Made my daughter dinner last night and she told me it was really good as long as she took tiny bites and used lots of ketchup
Dirty Dancing is a really upsetting if you imagine it from the POV of Baby’s dad, a cardiologist who just desperately wanted a few weeks of peaceful vacation.
ME AT 19: I’m gonna travel to so many countries!
ME AT 29: I’m gonna try a new craft beer!

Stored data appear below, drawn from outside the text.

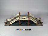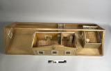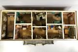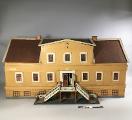 Modell av Söderlingska huset, "Oljekvarn", vid Djurgårdsgatan i Majorna. Fastigheten uppfördes 1823 och nedrevs i slutet på förra årtiondet (sic) då den fick vika för nyare bebyggelse. Förfärdigat av trä, papp och papper samt rumsindelning efter originalet. Med avtagbart tak.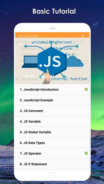 Entre sus características, se incluyen tutoriales básicos y avanzados, así como secciones específicas sobre OOP, BOM y DOM. La aplicación también cuenta con un compilador en línea que permite escribir y ejecutar código JavaScript directamente desde el dispositivo móvil. Además, se ofrecen preguntas y respuestas típicas de entrevistas relacionadas con JavaScript, lo que la convierte en una herramienta completa para quienes desean profundizar en este lenguaje de programación.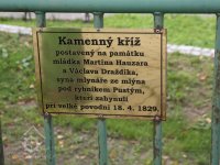 18. 4. 1829 při povodni zahynuli (strženi vodou při vytahování stavidla) syn mlynáře Václav Draždík a mládek Martin Hauzar, oběma bylo 16 let. Jejich těla byla byla nalezena až pod Novým mostem u nynější sokolovny. Na památku na tuto tragédii stojí pod mostem přes Závišínský potok v ulici T. G. Masaryka kamenný kříž (viz ikonografie).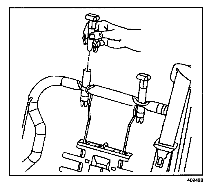 1. Install the head restraint retainers by pressing into the seat back frame until the retaining tabs snap into place at the bottom of the frame opening.
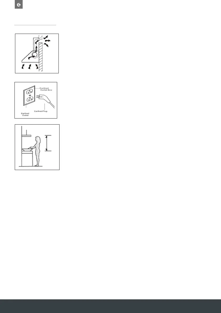 The cooker hood should be placed at a minimum distance of 65-76cm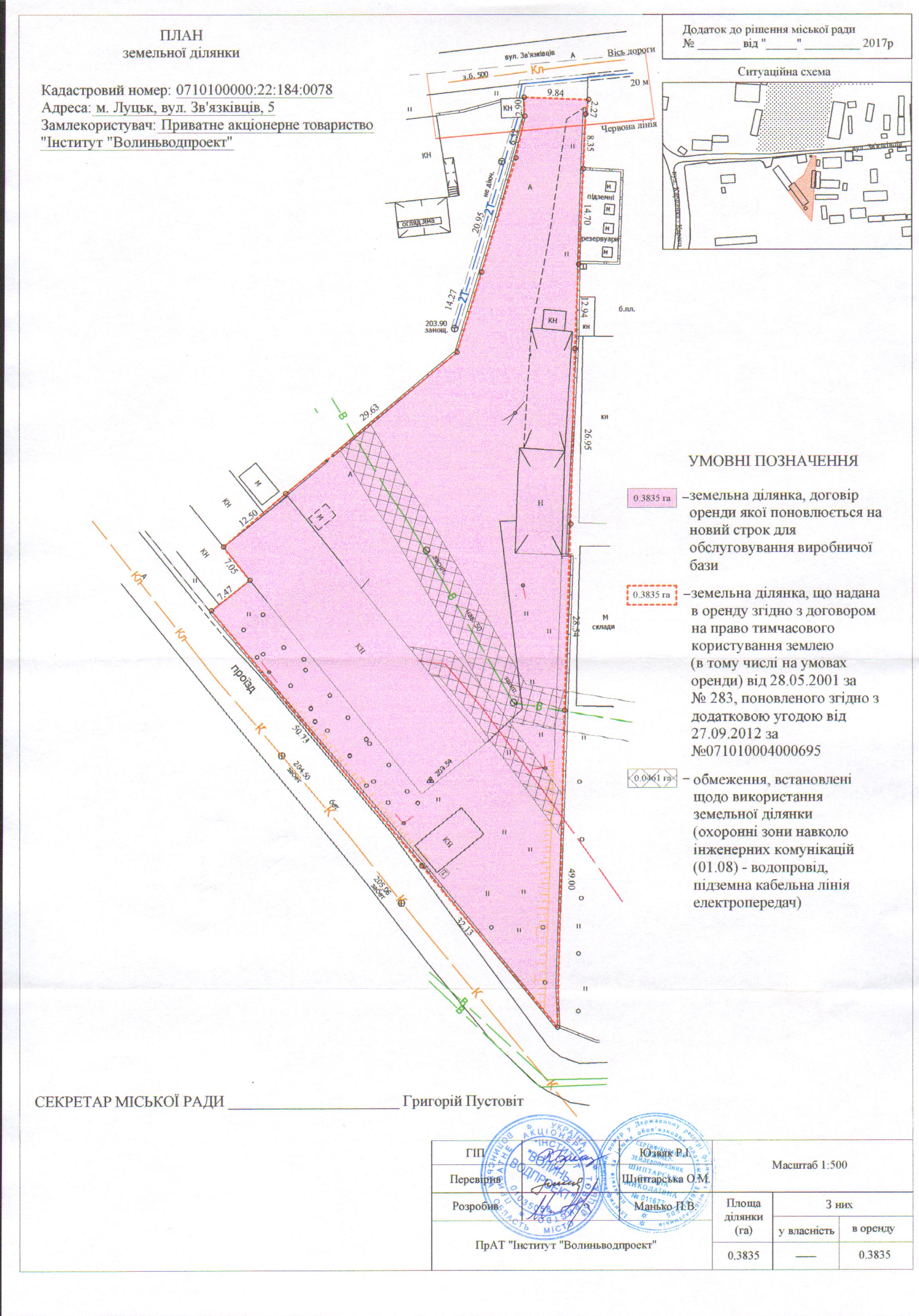 Розглянувши клопотання Приватного акціонерного товариства «Інститут «Волиньводпроект» щодо поновлення договору оренди землі, зареєстрованого в книзі реєстрації договорів на право тимчасового користування землею (в тому числі на умовах оренди) 28.05.2001 за № 283, поновленого додатковою угодою до договору оренди землі, зареєстрованою у Державному реєстрі земель від 27.09.2012 за № 071010004000695, витяг з Державного земельного кадастру про земельну ділянку від 22.08.2017 № НВ-0703309182017, враховуючи правовстановлюючі документи Приватного акціонерного товариства «Інститут «Волиньводпроект» на об'єкти нерухомого майна на вул. Зв’язківців, 5: свідоцтво про право власності від 07.06.2011, відповідно до якого право власності на 59/100 частин споруди автогаражів (приміщення з № 1 по № 14б загальною площею 499,5 кв.м.) зареєстровано 07.07.2011, реєстраційний номер: 1018309, технічний паспорт на об'єкт нерухомого майна від 05.05.2011; свідоцтво про право власності від 07.06.2011, відповідно до якого право власності на будівлю керносховища і насосної станції зареєстровано 07.07.2011, реєстраційний номер: 34080527, технічний паспорт на об'єкт нерухомого майна від 05.05.2011; свідоцтво про право власності від 07.06.2011, відповідно до якого право власності на будівлю електропідстанції зареєстровано 07.07.2011, реєстраційний номер: 34080609, технічний паспорт на об'єкт нерухомого майна від 05.05.2011, керуючись статтями 12, 93, 96 Земельного кодексу України, статтею 33 Закону України «Про оренду землі», статтею 4 Закону України «Про державну реєстрацію речових прав на нерухоме майно та їх обтяжень», Законом України «Про внесення змін до деяких законодавчих актів України щодо розмежування земель державної та комунальної власності», статтею 26 Закону України «Про місцеве самоврядування в Україні», пунктами 162, 171 Постанови Кабінету Міністрів України від 17.10.2012 № 1051 «Про затвердження Порядку ведення Державного земельного кадастру», пунктами 8, 30 договору оренди землі, міська рада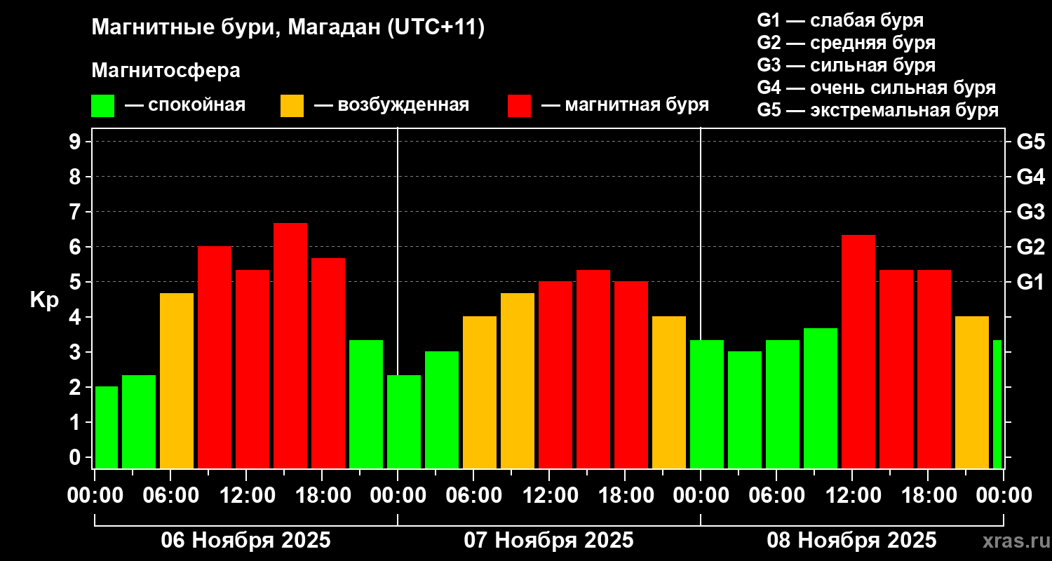 Магнитные бури в Магадане 8 ноября 2025 года

ME AT 39: I’m gonna try a different cat litter
interviewer: any questions?
me: yes, what are your strengths?
[new job]
BOSS: how bout u introduce yourself
ME: I’m Howie
BOSS: Howie?
ME: Dewitt
BOSS: everyone this is Howie Dewitt
ME: *starts dancing*
neil armstrong: i’ll take that for you
neil armweak: can you carry this?
Oh you think I’m funny? Name three of my jokes.
Of all the terrible tweets credited to sausagey-sounding clerics, this one is by Father Wurst.
You: My kid loves piano
My kid: *licking the piano keys*
Me: Same
*creators of the alphabet, exhausted, and near the end*
Whatever, let’s just call this letter…double u.
me: before you hire me, you should know i take things
interviewer: like what?
me: time and care
interviewer: oh haha
me: also xanax, company money, and two-hour morning shits
Cop: Do you know why I pulled you over?
Me: You pulled me over?
Cop:
Me: I just stopped here cuz I thought of a tweet.